In the past, many long term gas supply contracts have been priced using an "oil-equivalent" formula. This arose because of the illiquidity of gas markets at the time (c.f. oil markets) and gave a sound basis to forward price these contracts for both supplier and buyer. As with any commodity, the supplier is seeking to get the highest price possible and the buyer is looking to secure the lowest price.


In more recent times the huge amount of gas unlocked by the US Shale plays and other sources of unconventional gas, has substantially increased the amount of domestic gas available, driving down the price of Henry Hub Gas prices in the US. As a result many long term gas contracts are now much more expensive than spot Hub prices, causing consternation from those who have locked in gas prices at higher levels. Inevitably this has led to much talk during the past few years about de-linking the gas price from the traditional oil-linked mechanism.

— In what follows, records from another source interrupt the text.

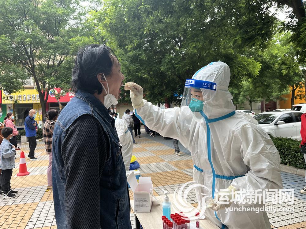 运城晚报讯(记者 李婷)“大家保持一米间距,打开晋快检,排队进场,不要着急。”4月30日早上6时30分,盐湖区北城街道禹香苑社区开展核酸检测,社区工作人员在维持现场秩序(上图)。
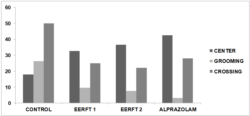 The vehicle-treated mice (Normal control) had spent more time in center area, less number of grooming and showed less crossing compared to test and standard drug treated group animals during 10 min.
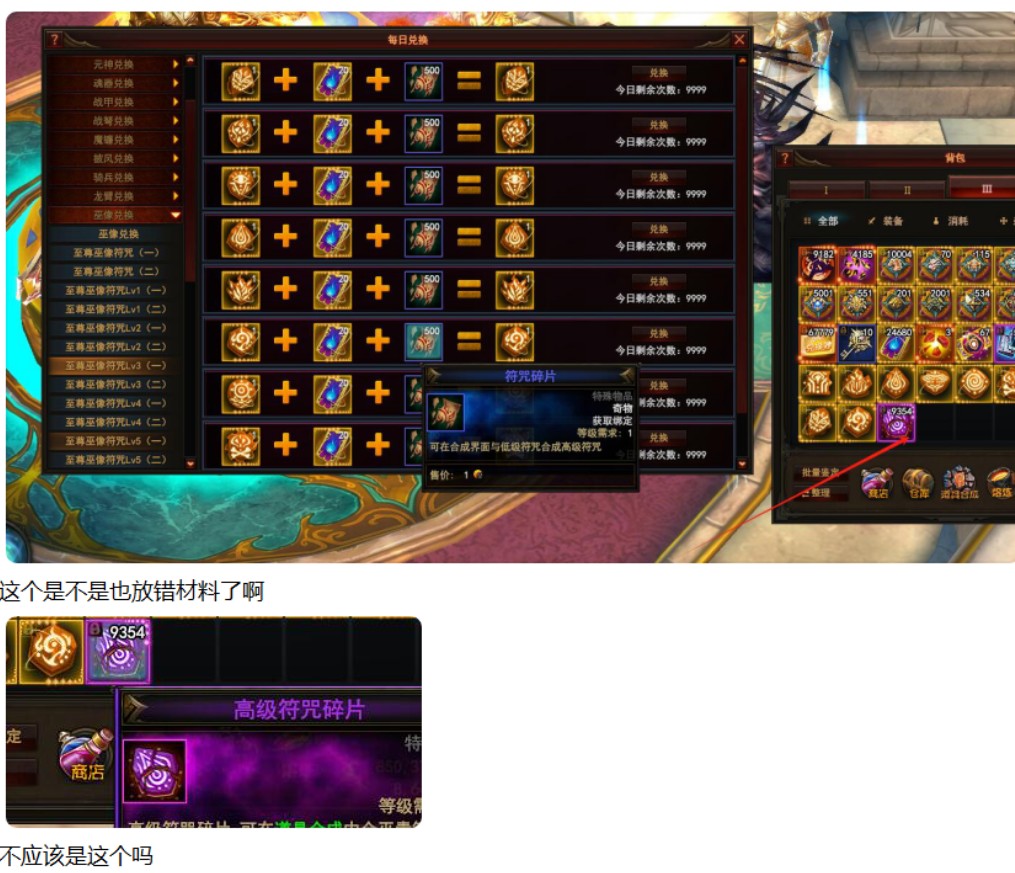 问:网页版黑暗之光公益服里符咒碎片是不是放错了?
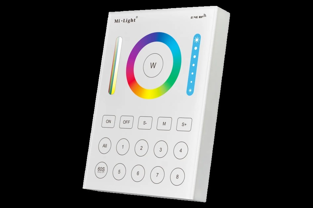 Panel naścienny do regulacji jasności, koloru światła, oraz temperatury barwowej światła białego. Możliwosć sterowania ośmioma strefami. Zasilanie 2xAAA.
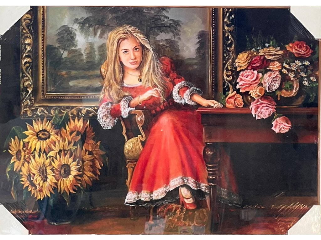 Obraz "Dívka v červených šatech" - tisk na papír, 70x50cm
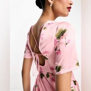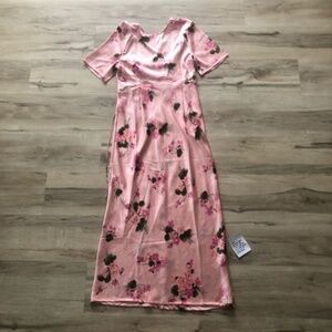 Chic asymmetrical dress with floral pattern. Soft pink fabric. Ideal for stylish outings.
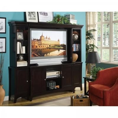 This TV entertainment center includes a flat screen TV stand and two curio pier cabinets with recessed lighting on the open tempered glass shelves, and cabinets with doors underneath for extensive media storage. A bridge is included to reach across the piers, finishing the piece perfectly. The television area is perfect for most large flat screen TVs, measuring 52"W x 35"H. This entertainment furniture is made of solid rubberwood with veneers. Rubberwood is an eco-friendly choice for home furnishings, plantation grown and having already served a useful function prior to being used for furniture. Assembly level/degree of difficulty: Easy.
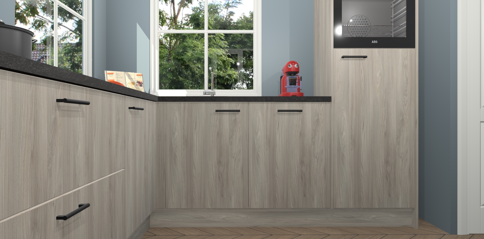 In deze box zijn alle kleuren verzameld van de deuren en werkbladen. Vraag de gratis kleurenbox aan en kijk thuis rustig verder!
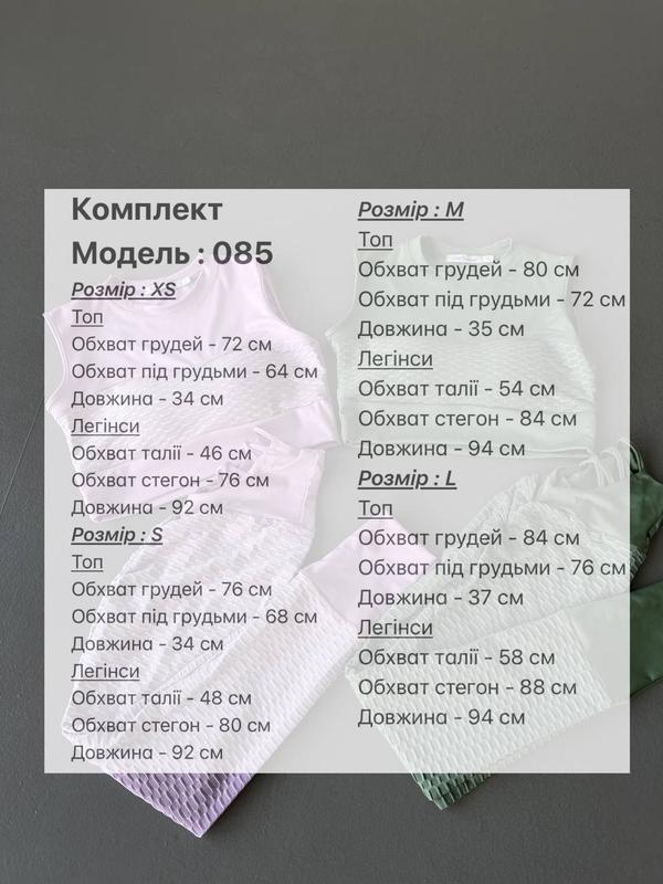 ✔️Фото/відео — реалДуже класний фітнес комплект із топа і легінсів . З якісної фактурної , щільної жакардової тканини , яка не світить та приховує недоліки шкіри . Між сідничками у середньому шві є резиночка та стяжка , яка надає сідничкам обʼєму і виглядає дуже гарно . По низу фактурна тканина переходить у манжет із гладенького еластичного біфлексу .
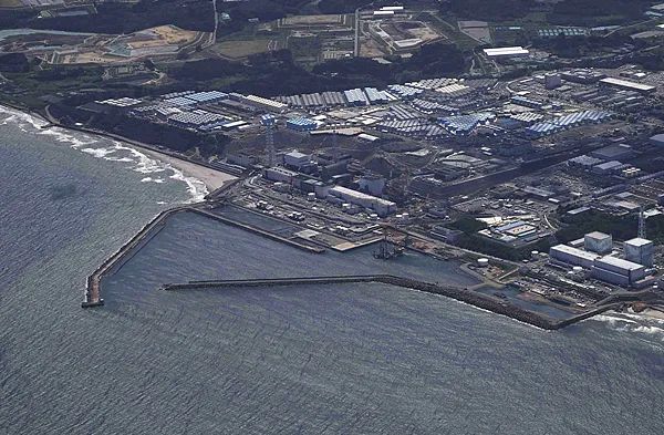 当地时间2023年8月24日,日本福岛县,航拍东京电力控股公司福岛第一核电站。东京电力公司宣布,已于当天下午1点开始排海。图源:视觉中国
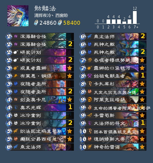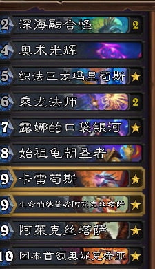 基本是一个龙法的构筑,奥术光辉是用来抽口袋银河的,乘龙法师和始祖龟朝圣者是用来开银河的。
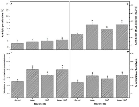 The effect of laser light, BAP, and laser with BAP priming on the % inhibition of LDL oxidation (A), the % anti-lipid peroxidation TBARS (B), the % inhibition of LDL oxidation (conjugated dienes) (C), and the % inhibition of the haemolysis of linseed sprouts (D). The values represent the mean of three replicates ± standard error. The small letters (a–d) above the means show the differences (p < 0.05) between the treatments using Tukey’s test.
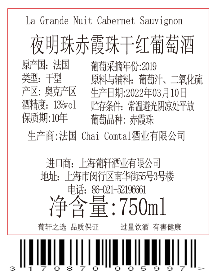 橡木桶陳釀時間 | 法國橡木桶中酒泥上陳釀3個月 | 葡萄采摘年份 | 2019年 | 產品類型 | 干紅葡萄酒 |
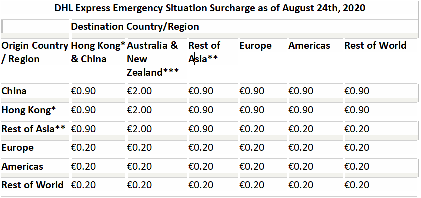 DHL: Temporary suspension of services is no longer effective for Guinea Bissau, but extended delivery times remain, and can be up to 10 additional business days for some countries of the Sub-Saharan region. There is an adjusted surcharge from 24 August:
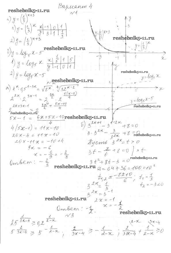 Готовая домашняя работа с ответами по Алгебре за 11 класс Глизбург Контрольные работы Базовый и углубленный уровень Мнемозина 2016 ФГОС - КР-4 Вариант-4
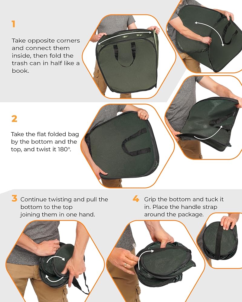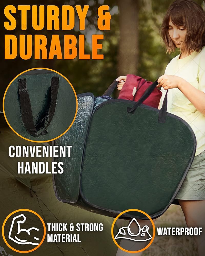CONVENIENT & MULTIPURPOSE - Pop up trash can is super convenient to take anywhere with you and store easily. Therefore, it can be used as a camp trash can, pop up recycle bin or garden bag, yard waste trash can, seasonal storage or even your laundry bag - it goes with anything!
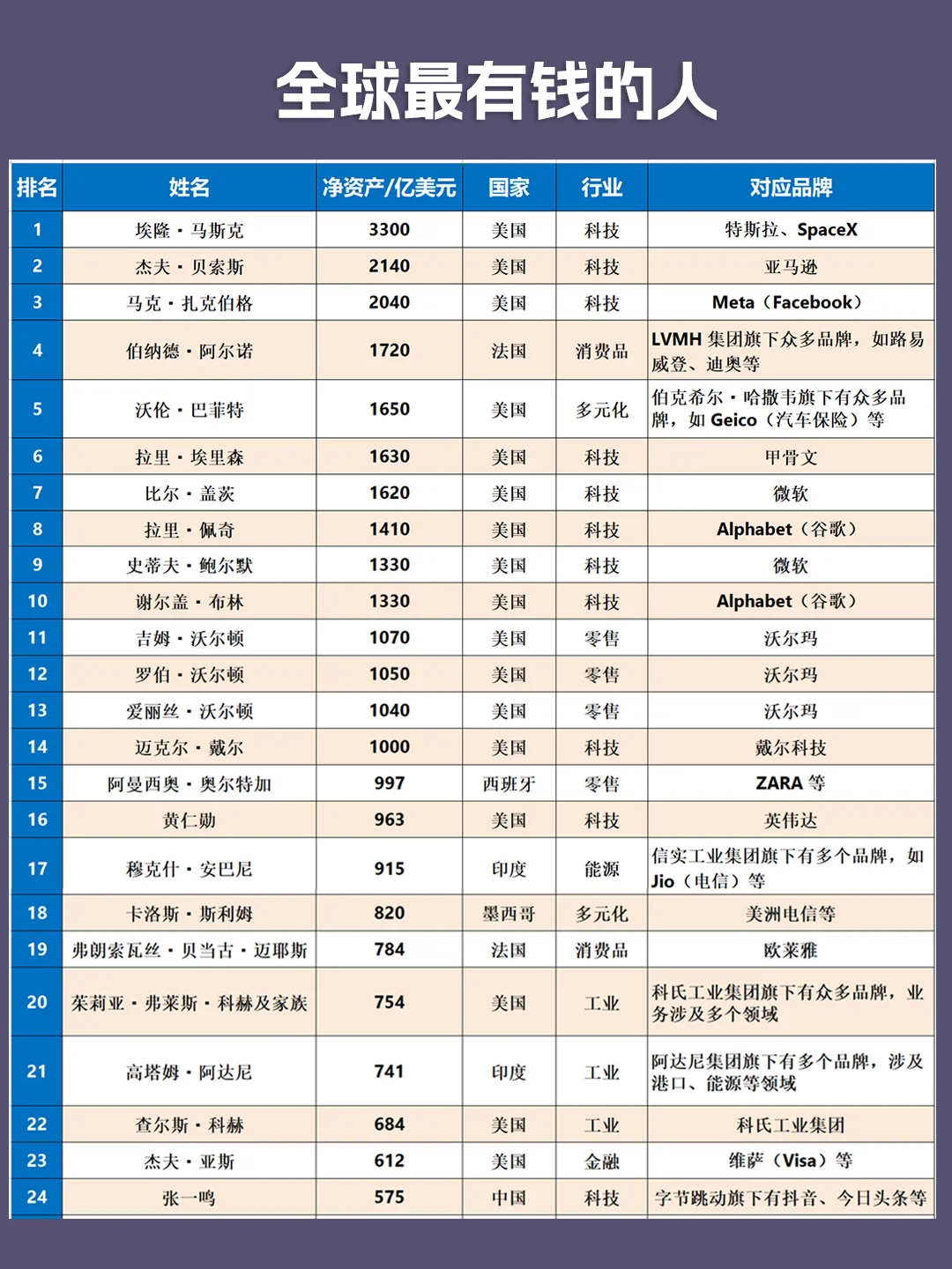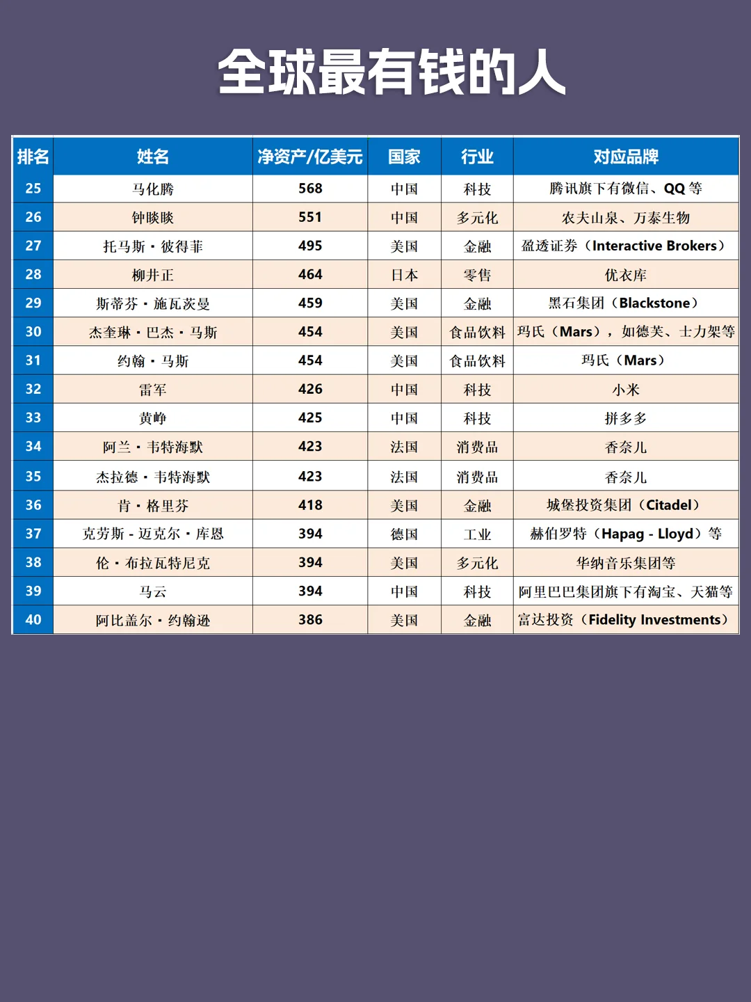 福布斯实时亿万富豪榜中全球最有钱的前 40 名👇

But a glut of gas in the US doesn't necessarily translate into available supplies in the countries that need it. The gas still needs to be liquified and transported. There will also be a large lead time required to build liquefaction facilities, which require billions of dollars in capital. Several companies (twenty four as of July 2013) in the US have applied for LNG export licences, but without reducing the domestic supplies of gas, there is little scope for huge supplies of LNG from there. The US Energy Infomation Administration (EIA) is forecasting US exports to begin in 2016 at a rate of about 5 million tonnes per annum, increasing to 18 mpta by 2023. These figures may be revised upwards if economic growth exceeds the 2.5% used in forecasts.


If the price of oil begins to be driven by scarcity of oil, then a different mechanism may be justified. However the expansion of US gas supplies has been accompanied by an expansion of oil supplies as well, so this may be some way off yet.